Е. А. Ган
Идеал
Дом дворянского собрания был великолепно освещен; плошки
на воротах, плошки у подъезда; кареты, коляски, брички,
сани везли целые грузы бабушек, маменек, дочек, внучек;
собрание было блистательное. Два жандарма, стоявшие у
крыльца, не успевали отгонять опорожненных экипажей.
Канцелярские стряхивали снег с своих шинелей, артиллеристы,
смотря с улыбкой презрения на этих фрачников, гордо
расправляли усы и всклокоченные волосы. Но то ли еще было в
зале!
Четыре люстры величаво спускались с потолка; вдоль стен
расставлены были диваны, крытые оранжевым ситцем с зелеными
узорами, а на передней части залы под огромным зеркалом
стояли два пунсовые кресла. На хорах тринадцать человек
музыкантов сидели в ожидании входа губернатора с поднятыми
смычками, готовясь огласить залу при его вступлении
полонезом из Русалки . Диваны были уже заняты дамами всех
возрастов и чинов; статские смиренно расхаживали по зале с
круглыми шляпами в руках; кавалеристы с нетерпением бряцали
шпорами; старики умильно кружились подле расставленных
карточных столов, но никто не начинал ни танцевать, ни
играть. Общество походило на огромного истукана, для
которого душа не была еще ассигнована. Кое-где мужчина,
проходя за диванами, останавливался позади девицы и,
наклонясь, шептал ей, вероятно, что-нибудь очень приятное,
потому что улыбка вдруг расцветала на устах девушки, и,
глядя на нее, маменька самодовольно поправляла свой чепец.
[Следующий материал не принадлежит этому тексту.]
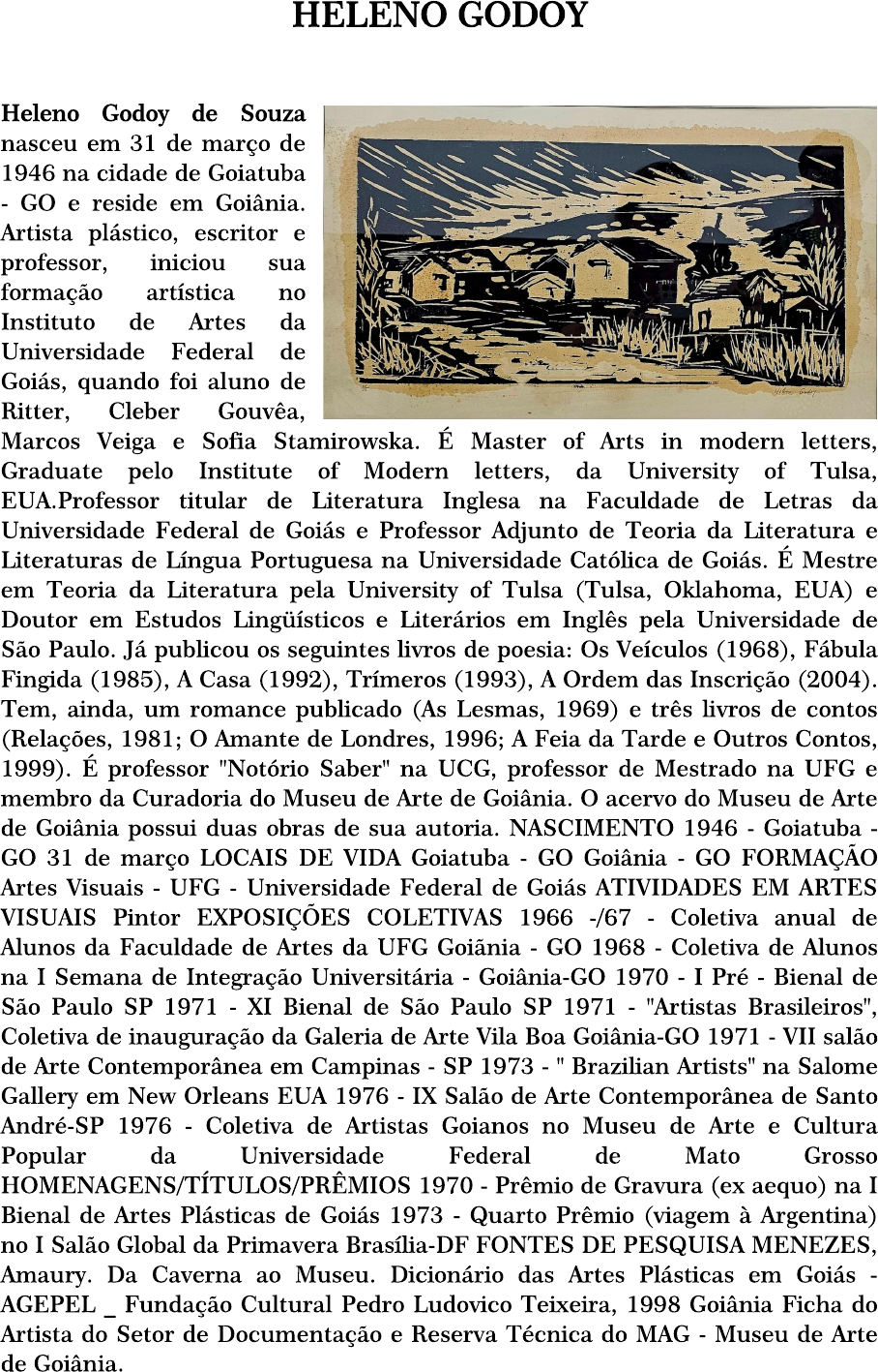 HELENO GODOY Heleno Godoy de Souza nasceu em 31 de março de 1946 na cidade de Goiatuba GO e reside em Goiânia. Artista plástico, escritor e professor, iniciou sua formação artística no Instituto de Artes da Universidade Federal de Goiás, quando foi aluno de Ritter, Cleber Gouvêa, Marcos Veiga e Sofia Stamirowska. É Master of Arts in modern letters, Graduate pelo Institute of Modern letters, da University of Tulsa, EUA.Professor titular de Literatura Inglesa na Faculdade de Letras da Universidade Federal de Goiás e Professor Adjunto de Teoria da Literatura e Literaturas de Língua Portuguesa na Universidade Católica de Goiás. É Mestre em Teoria da Literatura pela University of Tulsa (Tulsa, Oklahoma, EUA) e Doutor em Estudos Lingüísticos e Literários em Inglês pela Universidade de São Paulo. Já publicou os seguintes livros de poesia: Os Veículos (1968), Fábula Fingida (1985), A Casa (1992), Trímeros (1993), A Ordem das Inscrição (2004). Tem, ainda, um romance publicado (As Lesmas, 1969) e três livros de contos (Relações, 1981; Amante de Londres, 1996; A Feia da Tarde e Outros Contos, 1999). É professor "Notório Saber" na UCG, professor de Mestrado na UFG e membro da Curadoria do Museu de Arte de Goiânia. acervo do Museu de Arte de Goiânia possui duas obras de sua autoria. NASCIMENTO 1946 Goiatuba GO 31 de março LOCAIS DE VIDA Goiatuba GO Goiânia GO FORMAÇÃO Artes Visuais UFG Universidade Federal de Goiás ATIVIDADES EM ARTES VISUAIS Pintor EXPOSIÇÕES COLETIVAS 1966 -/67 Coletiva anual de Alunos da Faculdade de Artes da UFG GO 1968 Coletiva de Alunos na I Semana de Integração Universitária Goiânia-GO 1970 I Pré Bienal de São Paulo SP 1971 XI Bienal de São Paulo SP 1971 "Artistas Brasileiros", Coletiva de inauguração da Galeria de Arte Vila Boa Goiânia-GO 1971 VII salão de Arte Contemporânea em Campinas SP 1973 Brazilian Artists" na Salome Gallery em New Orleans EUA 1976 IX Salão de Arte Contemporânea de Santo André-SP 1976 Coletiva de Artistas Goianos no Museu de Arte e Cultura Popular da Universidade Federal de Mato Grosso 1970 Prêmio de Gravura (ex aequo) na I Bienal de Artes Plásticas de Goiás 1973 Quarto Prêmio (viagem à Argentina) no I Salão Global da Primavera Brasília-DF FONTES DE PESQUISA MENEZES, Amaury. Da Caverna ao Museu. Dicionário das Artes Plásticas em Goiás AGEPEL Fundação Cultural Pedro Ludovico Teixeira, 1998 Goiânia Ficha do Artista do Setor de Documentação e Reserva Técnica do MAG Museu de Arte de Goiânia.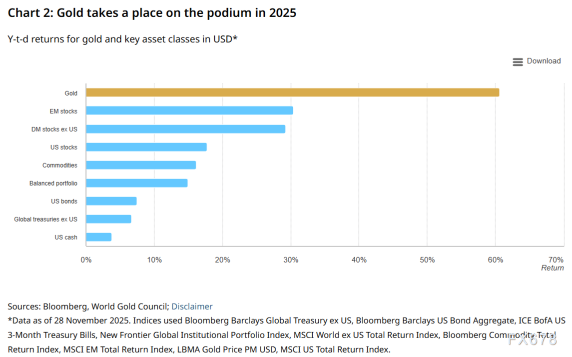 世界黄金协会分析师在《2026年黄金展望》报告中指出,2025年黄金表现亮眼,创下50多次历史新高,涨幅超过60%。他们表示:“地缘政治和经济不确定性加剧、美元走弱以及积极的价格势头共同支撑了这一表现。投资者和央行都增加了黄金配置,以寻求多元化和稳定性。”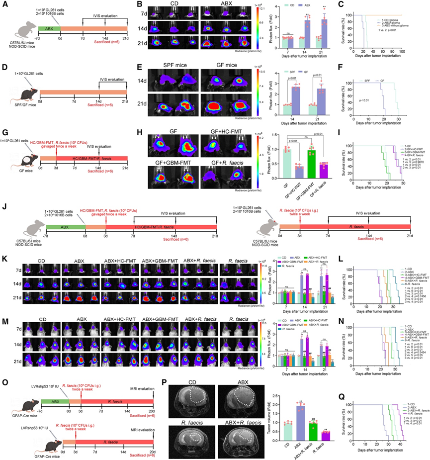 (A, D)小鼠模型建立。(B, E, G, J) 生物发光成像和肿瘤定量分析。(C, F, I, K) 对接受指定治疗的 C57BL/6J 和 NOD-SCID 小鼠进行生存分析。(H) 免疫荧光染色和定量分析。(L-O) LVRshp53 和 SPF/GF 小鼠的治疗方案。(M) 肿瘤的定量分析。(N, Q) 生存分析。(P) 生物发光图像和肿瘤定量。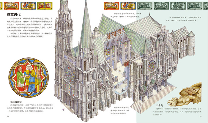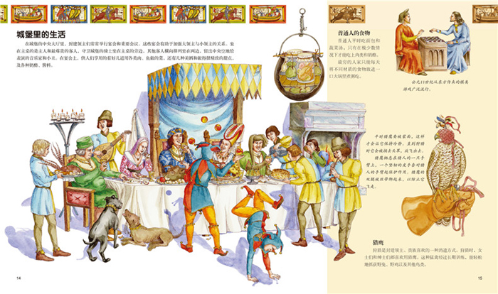 《走进中世纪》中,讲述了拜占庭帝国和神圣罗马的发展,北欧海盗和骑士时代的概况,介绍了欧洲的城堡和城堡里的生活、服饰的变革、农业技术的变革和贸易的发展等,插图细致精美,内容丰富。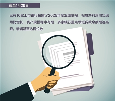近期,A股上市银行2025年度业绩快报密集出炉。截至1月29日记者发稿,已有10家上市银行披露了2025年度业绩快报,包括4家股份制银行,5家城商行,1家农商行。

Вот явился и крошечный прокурор в огромном парике,
который уже тридцать лет венчает эту голову, глубокий
тайник законов. За ним плывет толстая прокурорша с четырьмя
дочерьми, из которых меньшая головой выше своего папеньки.
Статские почтительно расступались перед законоведцем, а
несколько артиллеристов порхнули к его дочерям.
- Mademoiselle Esperance, вы ангажированы на мазурку?
- Ах, да!
- Кем?
- Мусье Сидоренко.
- Как я несчастлив.
И рыцарь изъявил свою горесть отрывком из одной русской
поэмы, которой сочинитель испытал бы еще большую горесть,
услышавши, как безжалостно исковерканы были его стихи.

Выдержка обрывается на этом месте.